The interaction of light with human skin is a very complex process as skin consists of several translucent layers. The prevalent chromophores in skin are different types of melanin and hemoglobin. Besides the specific absorbance characteristics of skin, the light is also highly scattered at small-scale structures like collagen or the chromophores themselves. These factors generate a very specific spectral reflectance of skin which varies mainly due to ethnic origin, but also due to individual characteristics such as age, body part, makeup etc.

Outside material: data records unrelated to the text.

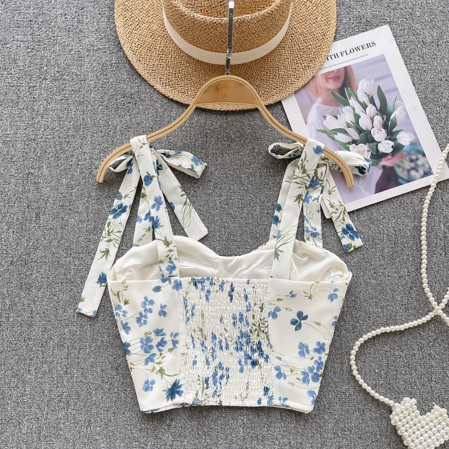 Be the first to review “Women Chic Print Pleated Bandage Sleeveless Strapless Tank Top Slim Sexy Korean Fashion Summer Women Top”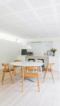 – Normalt tænker jeg, at vores hus er et ganske almindeligt hus. Men når jeg kommer hjem efter at have besøgt andre, kan jeg godt mærke, at alt her bare er pænt og fungerer. Vores dagligdag og vores liv fungerer, for alt er tænkt ind, og der er en tanke med alle tingene. Vi vidste præcis, hvor vores møbler og ting skulle være, da vi flyttede ind, for huset er jo lavet til os, fortæller Marie og fortsætter: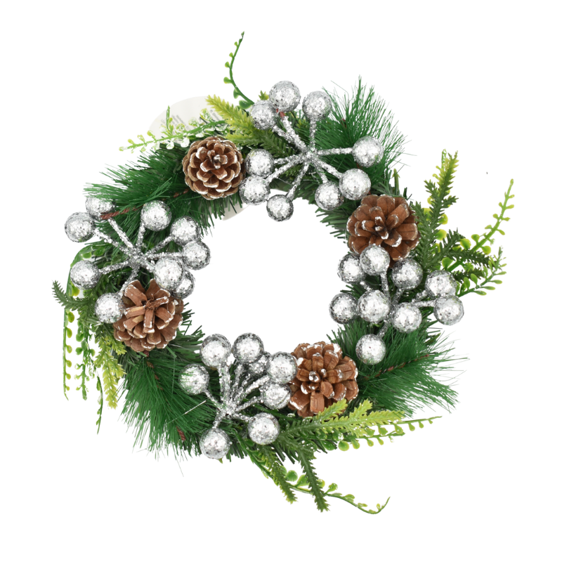 Această coroniță de Crăciun verde îți aduce instant atmosfera sărbătorilor în casă. Conurile de brad naturale și decorațiunile argintii îi oferă un aspect elegant și festiv. O poți agăța pe ușă, la fereastră sau o poți folosi ca decor de masă.

The aim of this research is the analysis of the interaction of light with human skin from computer vision's perspective. Therein, the following two main parts have to be addressed:
Existing skin detection methods use suitable color space transformations and model the distributions of skin and non-skin pixels to perform a classification. However, the robustness against varying illumination conditions is still a major problem, as well as the reliable detection of different ethnicities. These aspects are addressed within this project. Only few skin detection approaches use color constancy techniques to compensate for illumination. However, the knowledge on the illuminant color can be useful for obtaining illuminant-specific skin color distributions. Furthermore, in other areas, like medicine or computer graphics, detailed physics-based models for the interaction of human skin and light exist. During this research a mapping from the complex physics-based spectral models to simpler computer vision models will be investigated.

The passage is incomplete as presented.